* [Assignment]: Include the line containing "张剑副院长代表学院与绍兴市红" and every line after it up to the end of the material below; reproduce them exactly and drop the pictures.

* [Source material]:

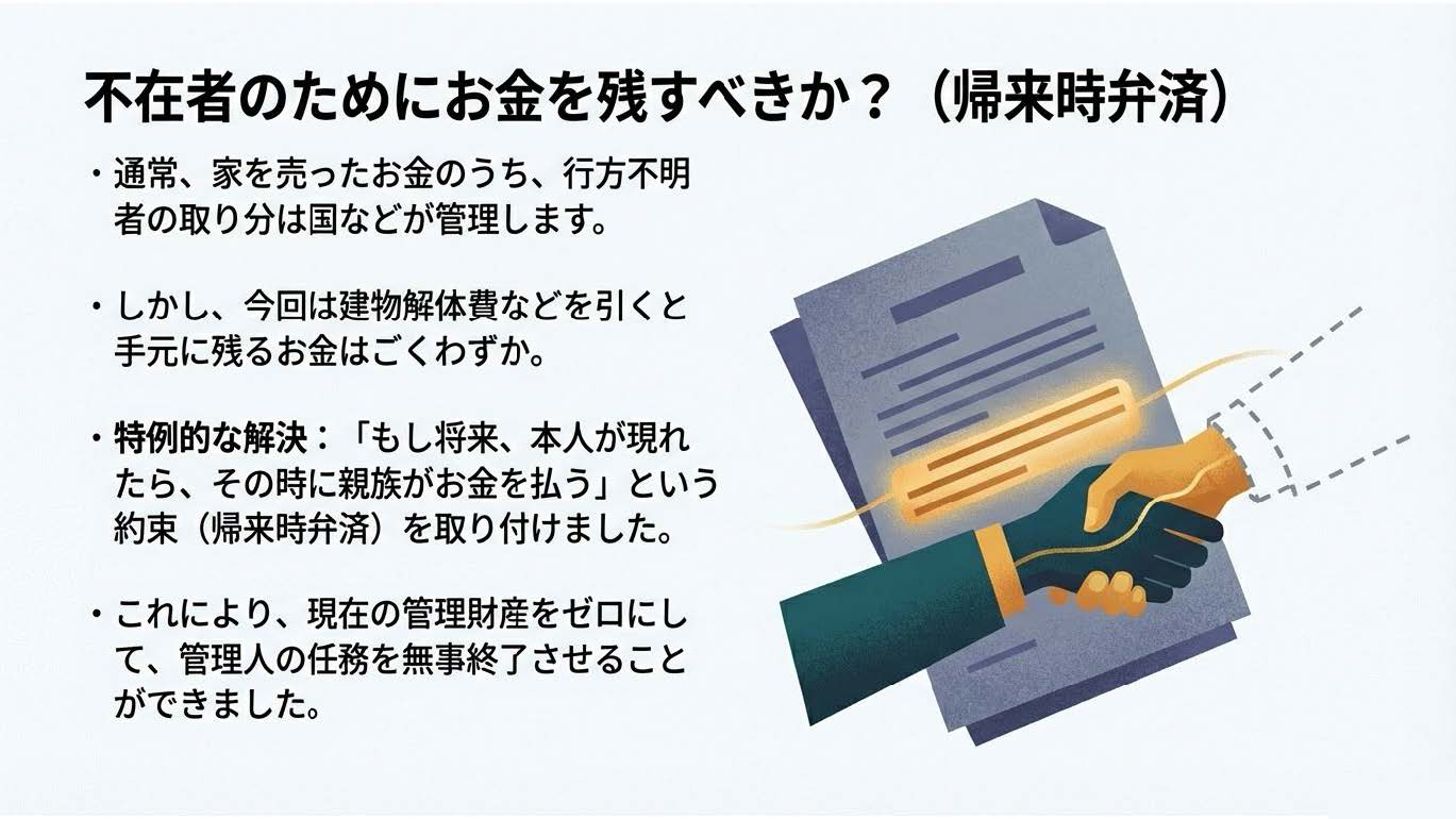 しかし今回の案件では、建物解体費などを差し引くと、手元に残る金銭はごくわずかでした。そこで、特例的な整理として、「もし将来本人が現れたら、その時に親族が支払う」という約束、すなわち帰来時弁済を取り付ける形が採られました。
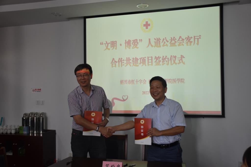 张剑副院长代表学院与绍兴市红十字会党组成员、专职副会长徐泳签订合作共建项目协议。
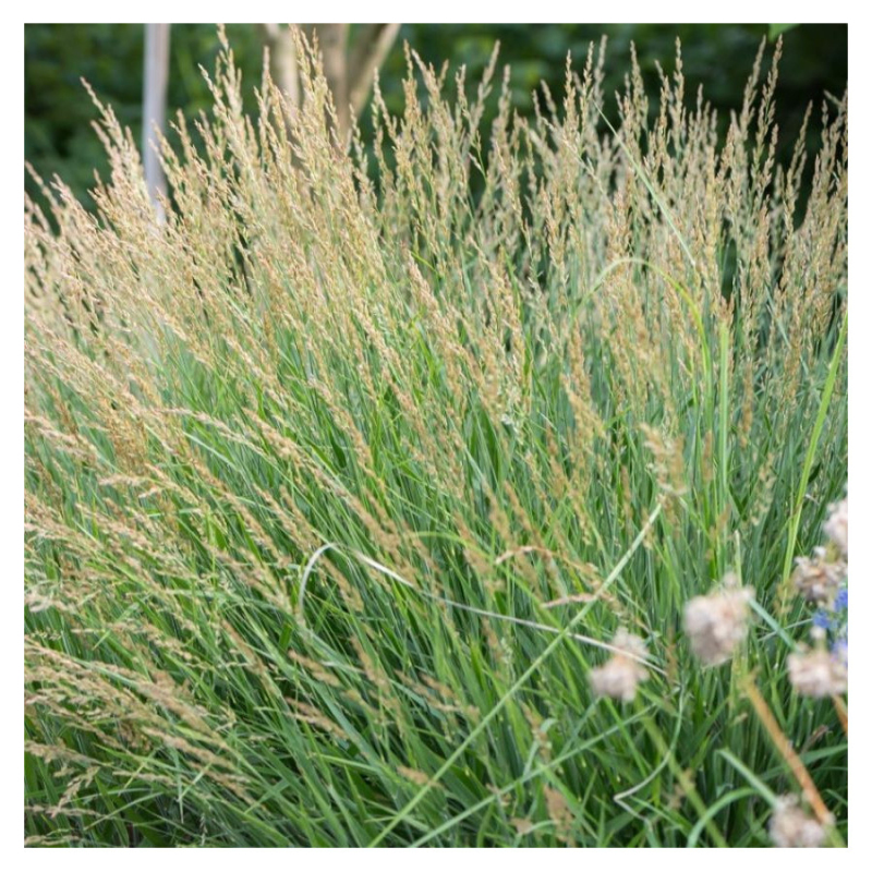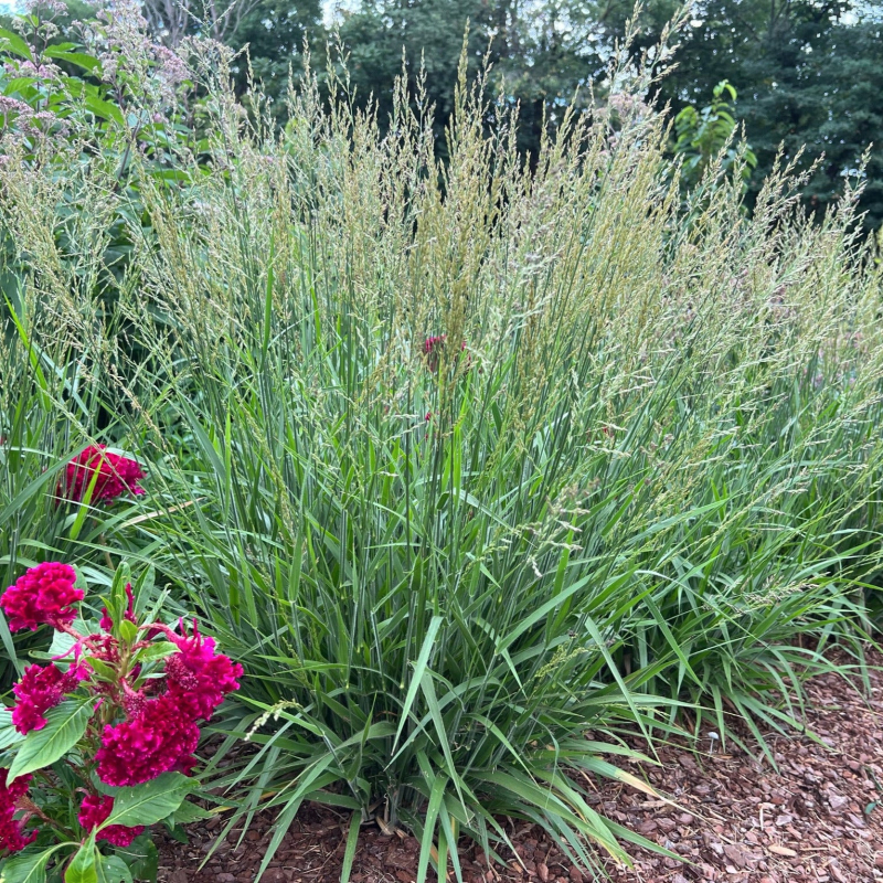 Diese kürzere Hybride, die ein wenig wie ein Zwerg Karl Foerster aussieht, bildet einen dichten Hügel aus grünem Laub, der später in der Saison von vielen goldbraunen Blütenständen gekrönt wird.
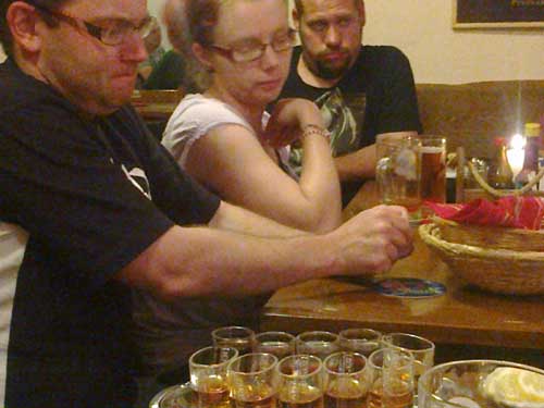 nám přišel Charlie a kamarádem. Dorazili i lenoši z Barrandova Káňa s Ytongem. Standa s přítelkyní a dva psíííí. Na našeho výčepního až moc lidí. Pár lidiček pokračovalo ještě

* [Solution below]:
 张剑副院长代表学院与绍兴市红十字会党组成员、专职副会长徐泳签订合作共建项目协议。
 Diese kürzere Hybride, die ein wenig wie ein Zwerg Karl Foerster aussieht, bildet einen dichten Hügel aus grünem Laub, der später in der Saison von vielen goldbraunen Blütenständen gekrönt wird.
 nám přišel Charlie a kamarádem. Dorazili i lenoši z Barrandova Káňa s Ytongem. Standa s přítelkyní a dva psíííí. Na našeho výčepního až moc lidí. Pár lidiček pokračovalo ještě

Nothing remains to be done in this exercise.